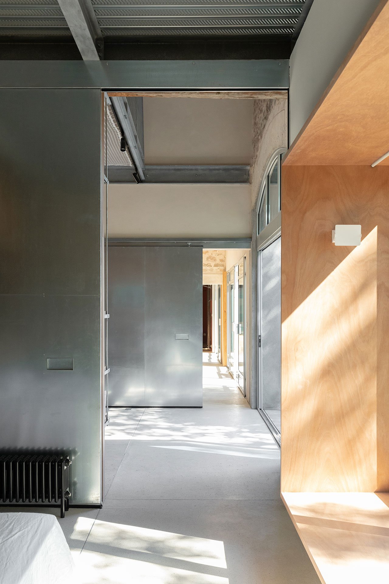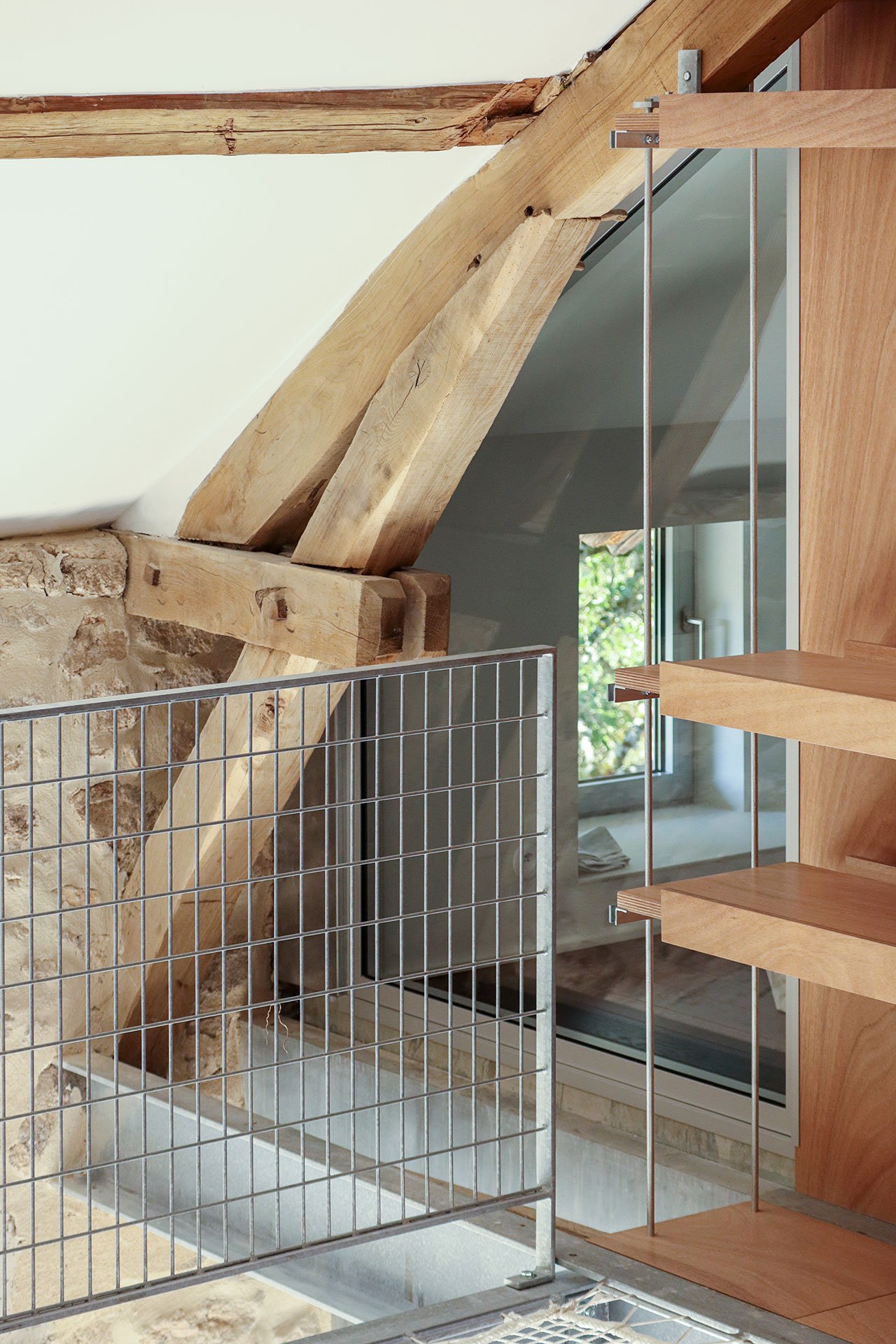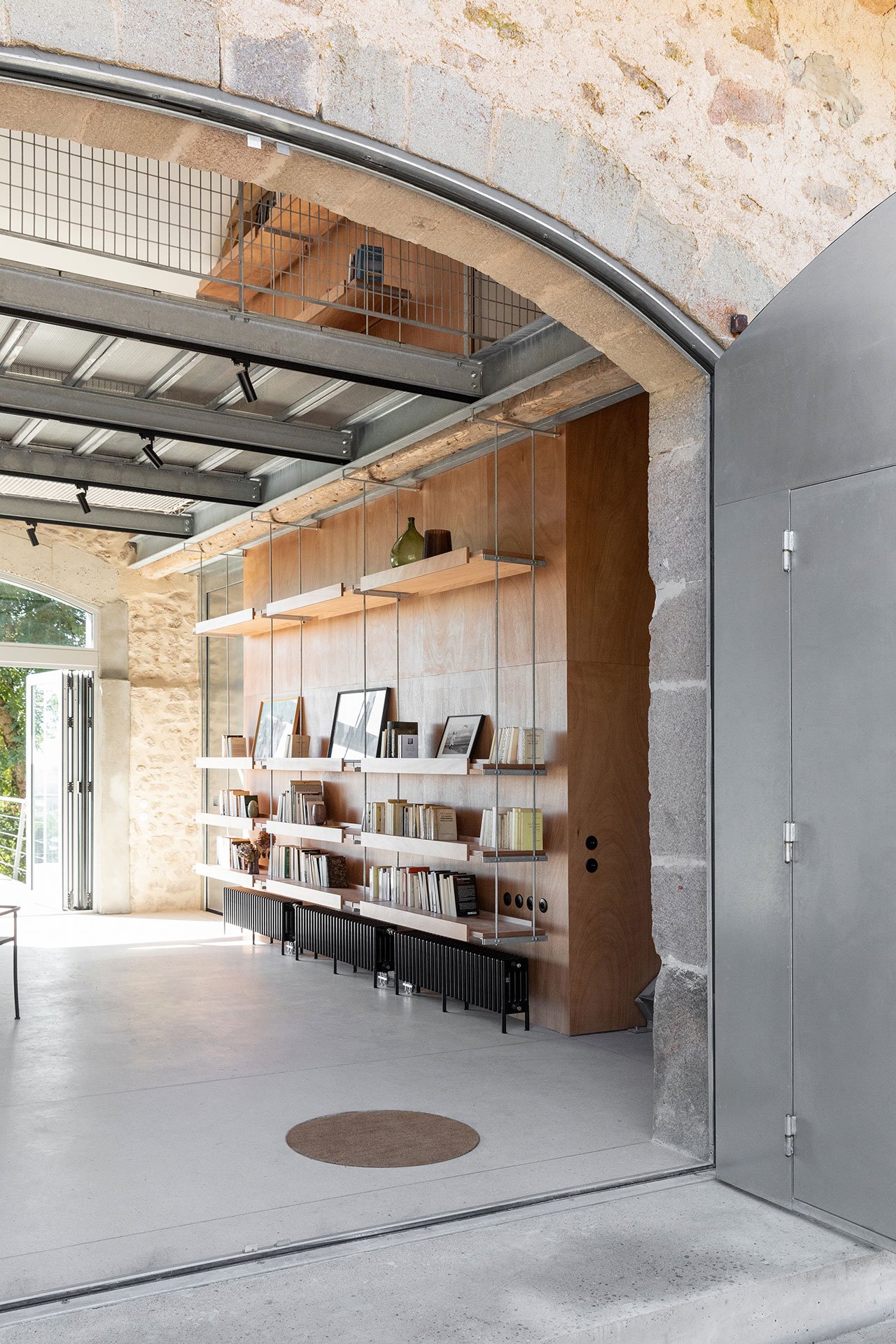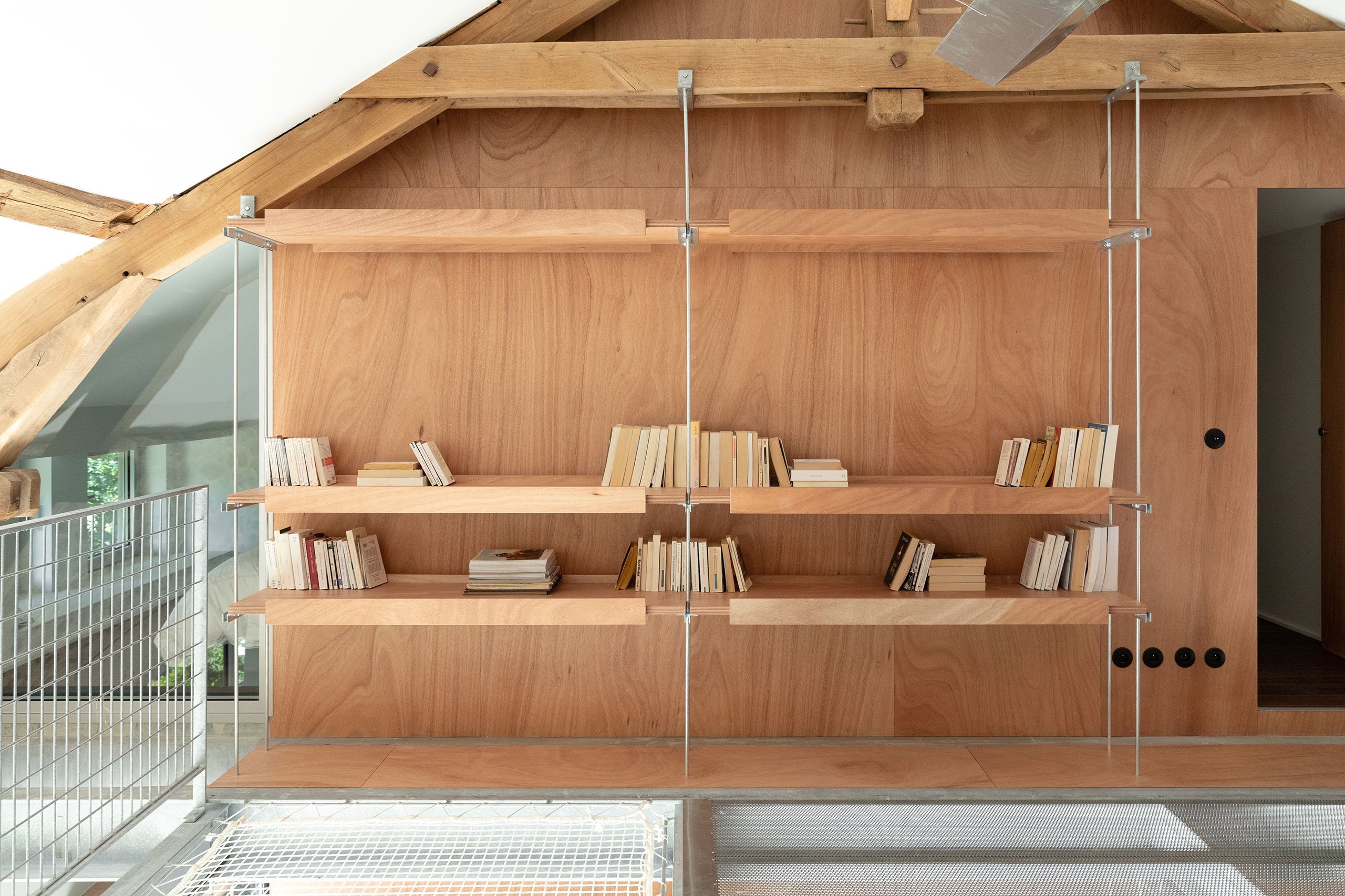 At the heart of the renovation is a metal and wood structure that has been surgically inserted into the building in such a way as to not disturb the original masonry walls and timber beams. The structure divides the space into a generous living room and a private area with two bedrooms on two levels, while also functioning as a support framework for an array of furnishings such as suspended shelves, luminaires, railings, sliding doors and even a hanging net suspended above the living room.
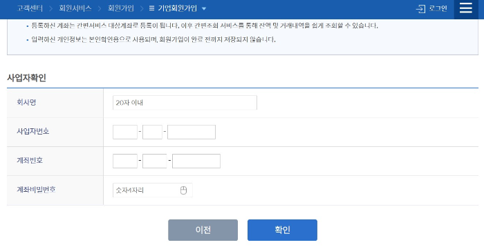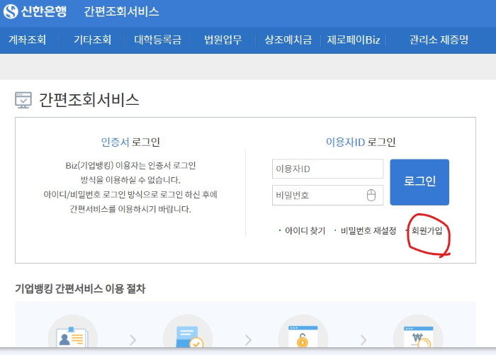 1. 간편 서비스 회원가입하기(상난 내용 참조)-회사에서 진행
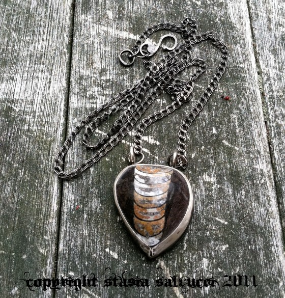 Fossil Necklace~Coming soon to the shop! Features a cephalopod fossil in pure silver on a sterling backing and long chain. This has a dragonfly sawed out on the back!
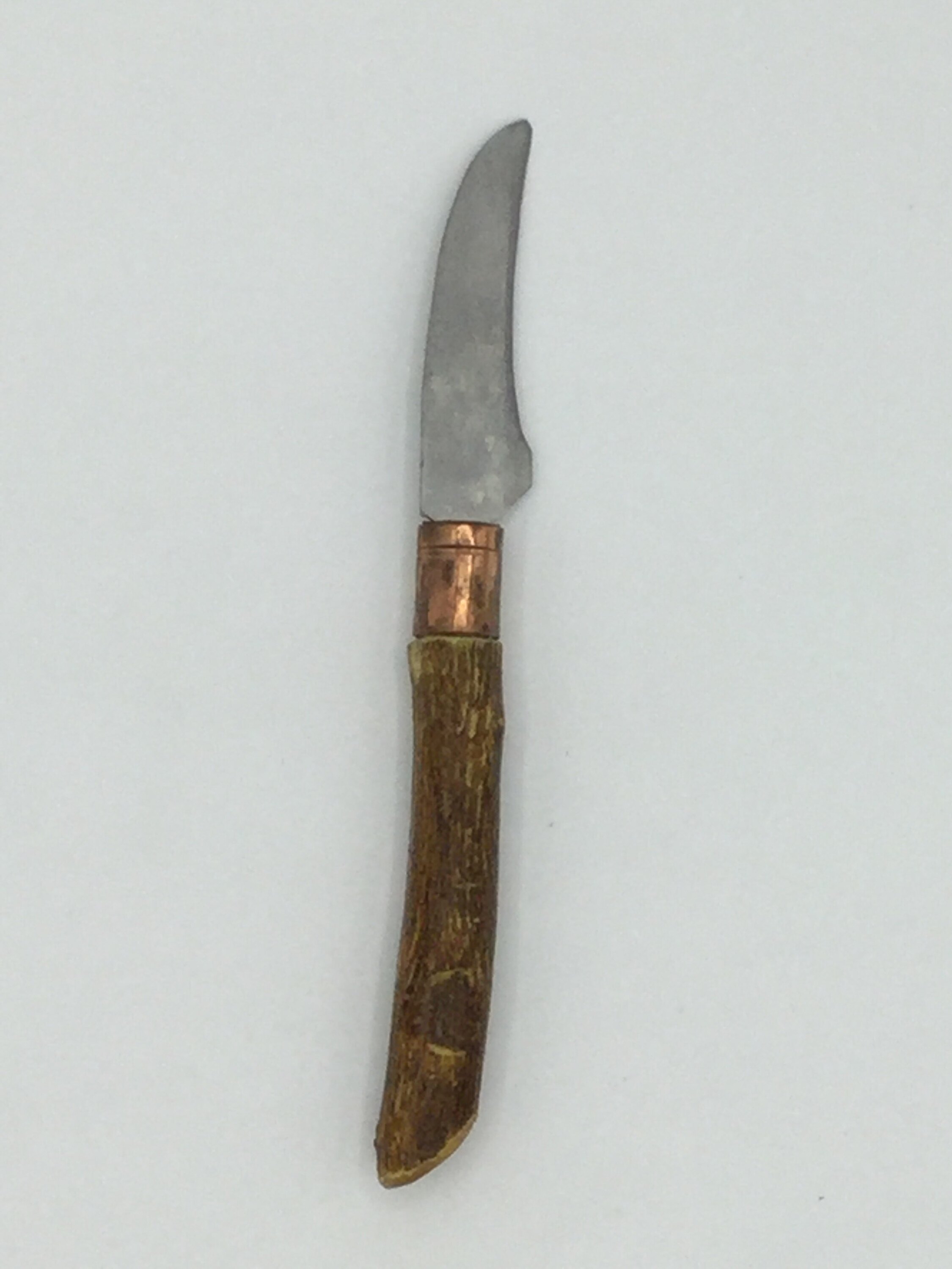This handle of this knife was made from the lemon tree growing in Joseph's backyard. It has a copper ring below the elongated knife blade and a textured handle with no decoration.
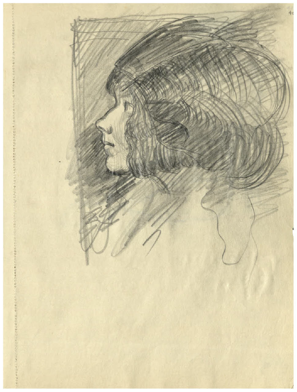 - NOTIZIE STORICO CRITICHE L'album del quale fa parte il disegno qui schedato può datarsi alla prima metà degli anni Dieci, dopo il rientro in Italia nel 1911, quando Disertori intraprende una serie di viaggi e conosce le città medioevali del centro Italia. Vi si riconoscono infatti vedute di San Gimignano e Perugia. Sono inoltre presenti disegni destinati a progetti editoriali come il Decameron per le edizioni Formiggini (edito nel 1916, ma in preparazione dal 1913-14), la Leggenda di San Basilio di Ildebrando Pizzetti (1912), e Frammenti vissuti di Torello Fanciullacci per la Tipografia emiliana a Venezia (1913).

☆ ☆ ☆

> _DIRECTIONS_
Leave the pictures out and return each entry exactly.

> _TASK RESULT_
 At the heart of the renovation is a metal and wood structure that has been surgically inserted into the building in such a way as to not disturb the original masonry walls and timber beams. The structure divides the space into a generous living room and a private area with two bedrooms on two levels, while also functioning as a support framework for an array of furnishings such as suspended shelves, luminaires, railings, sliding doors and even a hanging net suspended above the living room.
 1. 간편 서비스 회원가입하기(상난 내용 참조)-회사에서 진행
 Fossil Necklace~Coming soon to the shop! Features a cephalopod fossil in pure silver on a sterling backing and long chain. This has a dragonfly sawed out on the back!
This handle of this knife was made from the lemon tree growing in Joseph's backyard. It has a copper ring below the elongated knife blade and a textured handle with no decoration.
 - NOTIZIE STORICO CRITICHE L'album del quale fa parte il disegno qui schedato può datarsi alla prima metà degli anni Dieci, dopo il rientro in Italia nel 1911, quando Disertori intraprende una serie di viaggi e conosce le città medioevali del centro Italia. Vi si riconoscono infatti vedute di San Gimignano e Perugia. Sono inoltre presenti disegni destinati a progetti editoriali come il Decameron per le edizioni Formiggini (edito nel 1916, ma in preparazione dal 1913-14), la Leggenda di San Basilio di Ildebrando Pizzetti (1912), e Frammenti vissuti di Torello Fanciullacci per la Tipografia emiliana a Venezia (1913).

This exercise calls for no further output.